___ Stored data ___

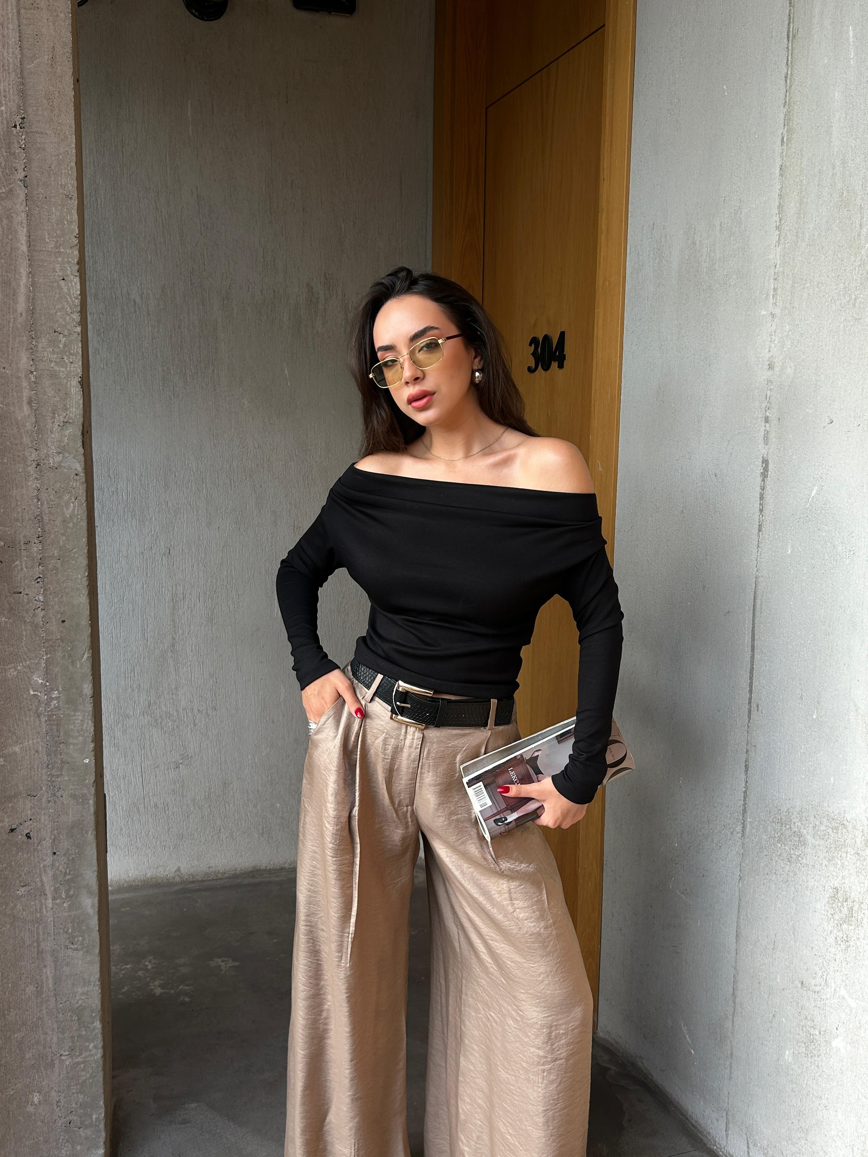 Kadın Siyah Uzun Kollu Düşük Omuz Bluz 30079
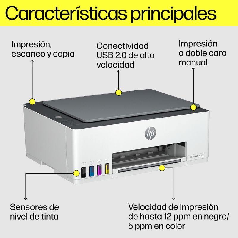 CómputoImpresión y scannersImpresorasImpresora Multifuncional HP Smart Tank 520
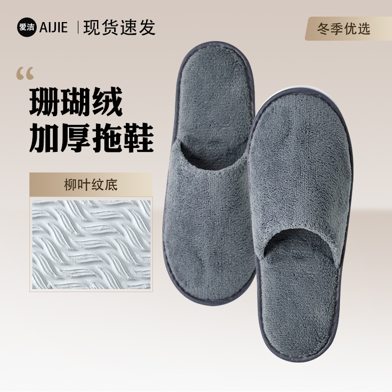 酒店一次性拖鞋批发珊瑚绒居家待客美容院宾馆民宿冬季加厚鞋子
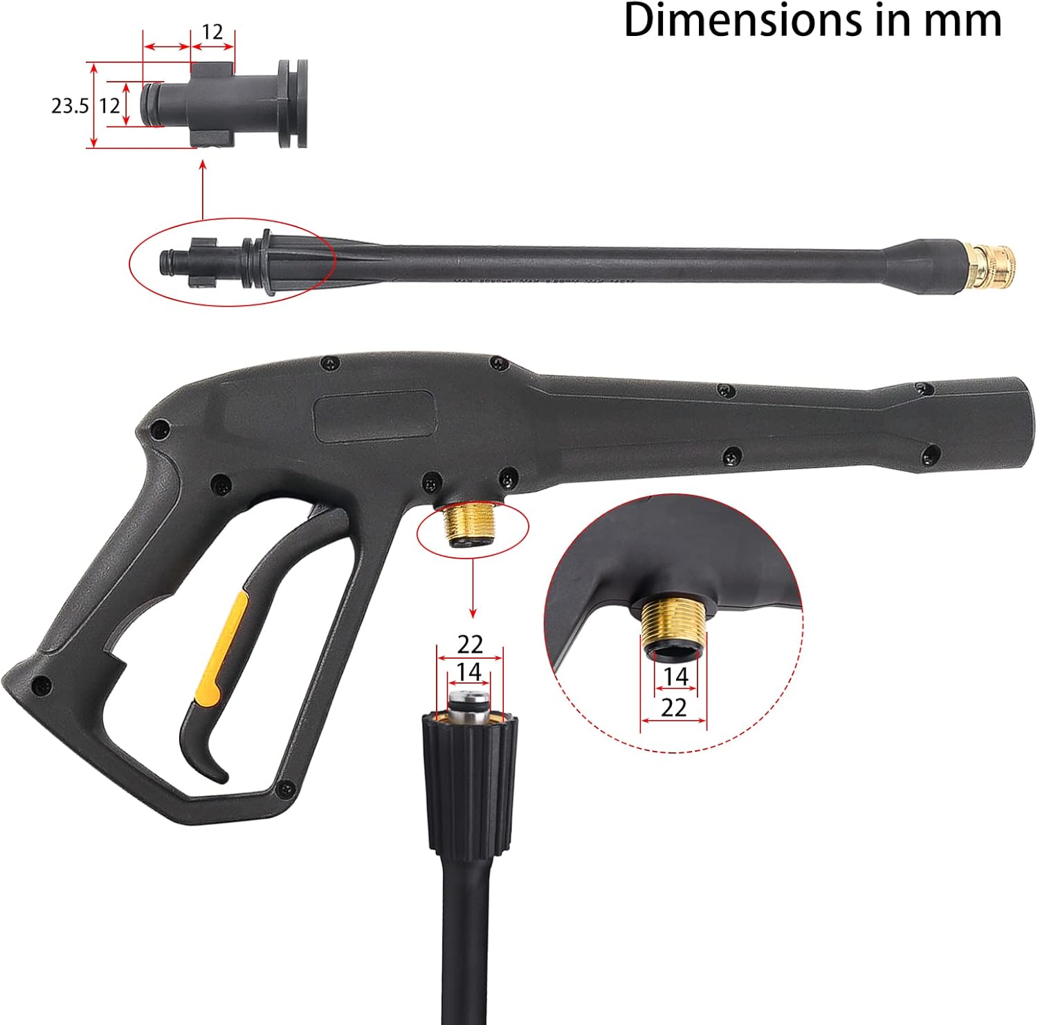 Replacement Pressure Washer Spray Gun with Jet Wand and 25° Spray Tip, compatible for some of Greenworks, Ryobi RY14122 RY141600 RY14612, Karcher K1700 K1710 K1800 K1810, PowerStroke 1900PSI 308760059 & 308494075 electric pressure washer.

___

Beginning at the line that contains "酒店一次性拖鞋批发珊瑚绒居家待客美容院宾馆民宿冬季加厚鞋子", retype each line of the data above through the very last one. Do not retype the pictures.

• **Answer to the exercise**
 酒店一次性拖鞋批发珊瑚绒居家待客美容院宾馆民宿冬季加厚鞋子
 Replacement Pressure Washer Spray Gun with Jet Wand and 25° Spray Tip, compatible for some of Greenworks, Ryobi RY14122 RY141600 RY14612, Karcher K1700 K1710 K1800 K1810, PowerStroke 1900PSI 308760059 & 308494075 electric pressure washer.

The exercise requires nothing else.